Organ Stage 1 Stage 2 Stage 3 Stage 4
Skin (% BSA rash) <25% 25–50% >50% Generalised erythroderma with bullae/desquamation
Liver (bilirubin, µmol/L) 34–51 51–102 102–255 >255
Gut (diarrhoea volume, mL/day) 500–1000 1000–1500 >1500 >1500 ± pain/ileus

Chronic GVHD

Chronic GVHD (>100 days post-HSCT) is the leading cause of non-relapse mortality and morbidity in long-term HSCT survivors. It resembles autoimmune connective tissue disease with scleroderma-like skin changes, sicca syndrome, bronchiolitis obliterans syndrome (BOS), and hepatic dysfunction. The NIH 2014 consensus classifies chronic GVHD as classic chronic, overlap syndrome (with acute features), or late acute.

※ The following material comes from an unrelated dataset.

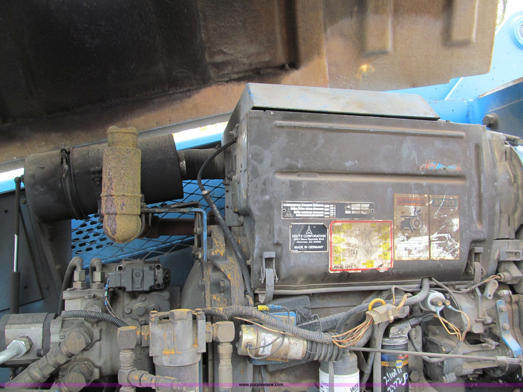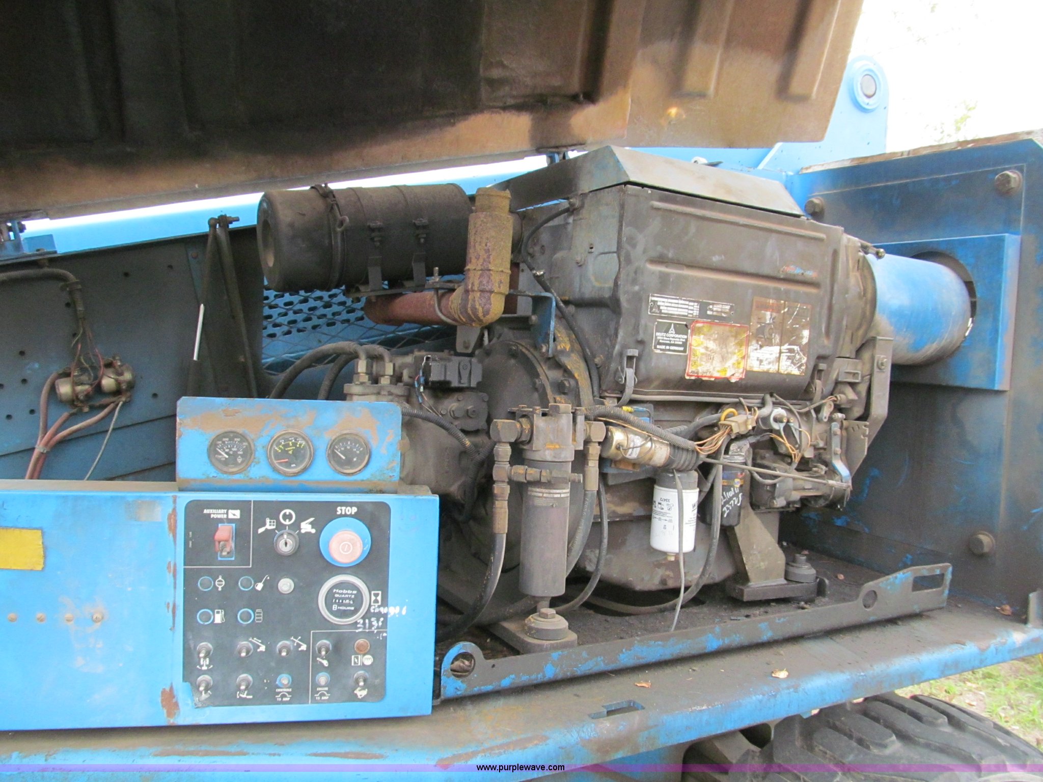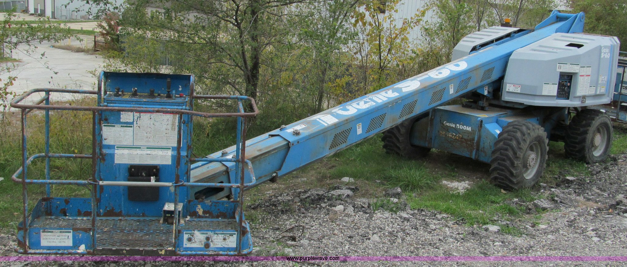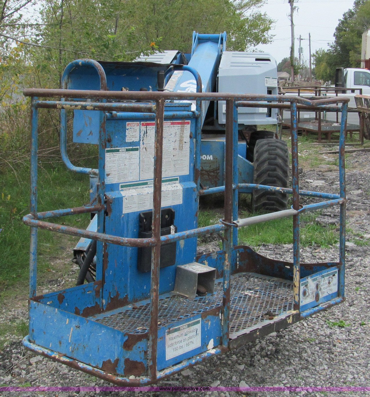 Purple Wave is selling a used Boom Lift in Missouri. This item is a 1994 Genie S60 boom lift with the following: 2,665 hours on meter, Hours meter replaced at 3,136 hours, 5,801 total hours, Deutz diesel engine, Four wheel drive, Upper and lower controls, 60' max platform reach, 70" x 3' platform, Power to platform, 660 lbs lift capacity, 25,900 lbs. base operating weight, Operational, track bracket needs repair, Serial 538

GVHD Prophylaxis and Treatment — Australian Practice

💊
Cyclosporin (Ciclosporin)
Neoral® · Sandimmun® · Calcineurin inhibitor
Prophylaxis dose 3 mg/kg/day IV divided Q12H, switch to PO when tolerating oral intake; target trough 200–300 ng/mL (whole blood)
Renal adjustment Reduce dose if CrCl <30 mL/min or rising creatinine >25% from baseline; monitor closely
PBS status ✔ PBS General Benefit
💊
Methotrexate
Generic · Antimetabolite
Prophylaxis dose (mini-MTX) 15 mg/m² IV Day +1, then 10 mg/m² IV Days +3, +6, +11 post-HSCT
Renal adjustment Avoid if CrCl <30 mL/min; dose reduce 50% if CrCl 30–50 mL/min
PBS status ✔ PBS General Benefit
💊
Methylprednisolone
Solu-Medrol® · Corticosteroid
First-line acute GVHD 2 mg/kg/day IV divided Q6–12H; taper over 4–8 weeks if responding
Steroid-refractory GVHD Second-line: ATG, ruxolitinib (Jakavi®), etanercept, or mycophenolate
PBS status ✔ PBS General Benefit
💊
Ruxolitinib
Jakavi® · JAK1/2 inhibitor
Steroid-refractory acute GVHD 10 mg PO BD; dose reduce to 5 mg BD if platelets <25 × 10⁹/L
PBS status ✘ Authority Required (specialist PBS item for steroid-refractory GVHD)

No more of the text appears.